遺伝子工学が空想科学のようなものであるということは、ずっと前のことではありませんでした。しかし、1970年代以降、遺伝子操作技術は、外来DNAを生物にスプライシングすることがほぼ日常的な段階にまで進んでいます。たとえば、害虫抵抗性の遺伝子をトウモロコシに接合し、ヒトインスリンを作る遺伝子を細菌に入れ、ヒトの癌を模倣する遺伝子を実験用マウスに入れることができます。手順の詳細は、各ステップに多くのオプションがある短い記事で説明するには複雑すぎますが、ステップの論理的なシーケンスの概念的な概要はかなり簡単です。
プラスミドDNAおよび目的のDNAを制限酵素とともにインキュベートします。制限酵素はDNA塩基の特定の配列を検出し、その時点でDNAを切り離します。制限酵素は、ウイルスに対するいくつかの細菌防御機構に由来します。 DNAを切り取って特定のパターンの塩基を検出する分子です。

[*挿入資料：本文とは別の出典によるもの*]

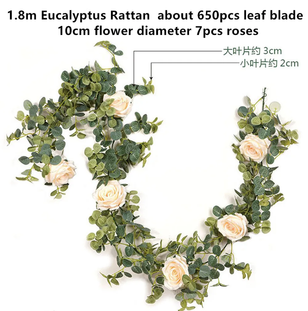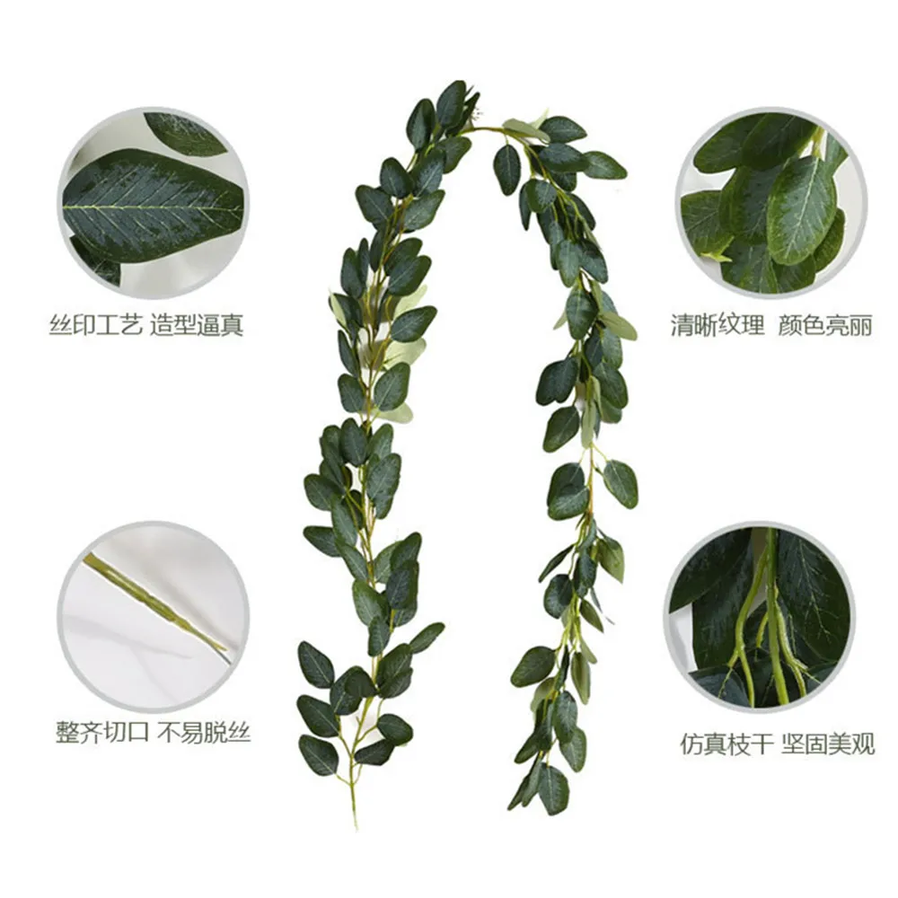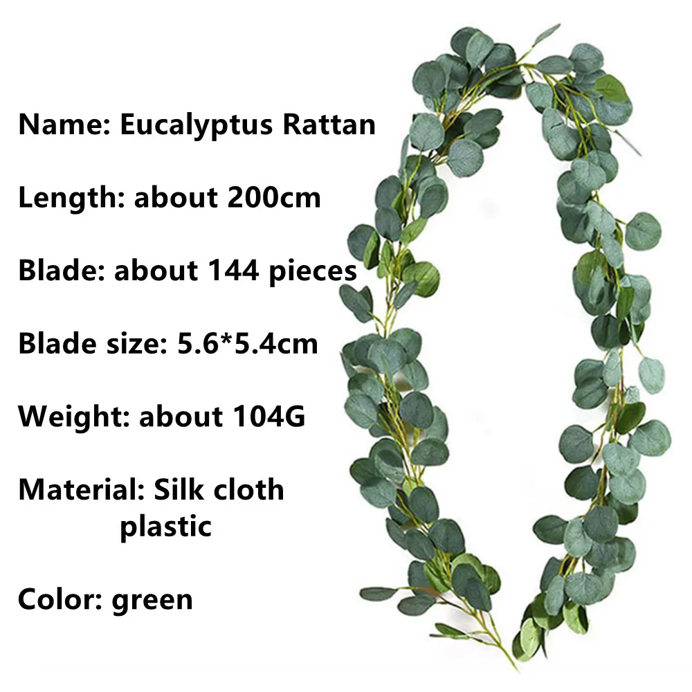 Искусственные растения, эвкалипт, гирлянда, листья, лоза 2 м, пластиковые искусственные растения из ротанга для украшения дома и сада

切断されたプラスミドとゲノムDNA断片をDNAリガーゼでインキュベートします。ほとんどの制限酵素では、環状プラスミドとゲノムDNAフラグメントには、互いにつかみ合う相補的な「粘着末端」があります。その後、DNAリガーゼが断片の接着を完了します。その結果、ゲノムDNAの一部を含む一連の環状プラスミドができます。
プラスミドを細菌に挿入し、細菌を培養して、修飾DNAを含浸させた生物のコロニーを成長させます。プラスミドに宿主細菌にない抗生物質耐性遺伝子がある場合、抗生物質を注入した増殖培地で細菌を培養することにより、正常に改変された細菌を自動的にスクリーニングできます。バクテリアにプラスミドを挿入する方法はいくつかあります。例えば、マイクロニードルを使用したり、電界を加えてバクテリア膜に小さな穴を開けたり、バクテリアとプラスミドを同じ溶液に入れてバクテリアに吸収させるなどです。当然。
改変された細菌の異なるコロニーからのサンプル細胞。採取した細胞を洗剤溶液で洗浄して細菌膜を破壊し、DNAを抽出し、加熱するか、水酸化ナトリウムにさらして鎖を分離します。これにより、DNAの塩基配列が分析されます。
蛍光プローブでDNAをインキュベートします。インキュベートしたDNAに紫外線を当て、蛍光を観察します。プローブは、挿入したゲノムDNAと一致する短いDNAシーケンスで構成されます。プローブが探しているDNAと一致する場合、照らされると光ります。
挿入したい遺伝子を含むコロニーから細菌を分離します。バクテリアのコロニーを成長させるか、以前のようにDNAを抽出してポリメラーゼ連鎖反応装置で複製して、DNAを複製します。